A committee of the American Board of Medical Specialties (ABMS) on July 27 recommended that clinical informatics be defined as a subspecialty of the American Board of Preventive Medicine and the American Board of Pathology, the two specialty boards that cosponsored the proposal. The ABMS board of directors and the ABMS assembly are expected to approve the recommendation in late September.
Clinical informaticists come from a wide variety of medical specialties. So board-certified physicians in any of these fields will be eligible to sit for the board exam in clinical informatics, Shelly Horowitz, MD, special advisor to the president of ABMS, told InformationWeek Healthcare. This is unlike other board exams for subspecialties, which require certification in the parent specialty, he noted.
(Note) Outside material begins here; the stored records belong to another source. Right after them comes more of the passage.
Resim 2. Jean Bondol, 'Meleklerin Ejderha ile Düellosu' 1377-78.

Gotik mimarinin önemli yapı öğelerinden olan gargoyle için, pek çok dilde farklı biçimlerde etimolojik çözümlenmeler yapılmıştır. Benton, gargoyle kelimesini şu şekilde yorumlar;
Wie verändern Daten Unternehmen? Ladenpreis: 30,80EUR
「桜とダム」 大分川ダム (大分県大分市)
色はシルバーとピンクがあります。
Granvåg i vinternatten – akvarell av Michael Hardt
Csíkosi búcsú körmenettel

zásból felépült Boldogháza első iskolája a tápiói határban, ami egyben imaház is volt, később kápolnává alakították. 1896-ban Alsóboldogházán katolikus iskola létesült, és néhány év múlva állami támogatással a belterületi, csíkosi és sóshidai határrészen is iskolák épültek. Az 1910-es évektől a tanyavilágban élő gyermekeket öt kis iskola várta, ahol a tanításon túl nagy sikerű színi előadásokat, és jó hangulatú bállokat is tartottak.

Specialty boards require that applicants for board certification have recent training in a program accredited by the Accreditation Council for Graduate Medical Education (ACGME), Horowitz observed. So the ACGME will soon be asked to accredit training programs for clinical informatics. He said the ACGME will probably accredit one or more of these programs not long after the ABMS board and assembly act on the clinical informatics proposal.
Nevertheless, physicians currently working in the clinical informatics field will not have to go through a training program to sit for the board exam, he said. For a period of up to five years, he predicted, there will be a pathway to board certification that doesn't require training in a certified program if candidates have significant experience in the field. "But they will still have to take the exam for the subspecialty," he said, to become diplomates in clinical informatics. And they will also have to meet the specialty board's criteria for maintenance of certification.
Speaking personally and not for ABMS, Horowitz said that the committee recommendation pleased him. "Physicians who are very knowledgeable about informatics bring a lot to this field, and it's good to formalize it with accreditation of the subspecialty."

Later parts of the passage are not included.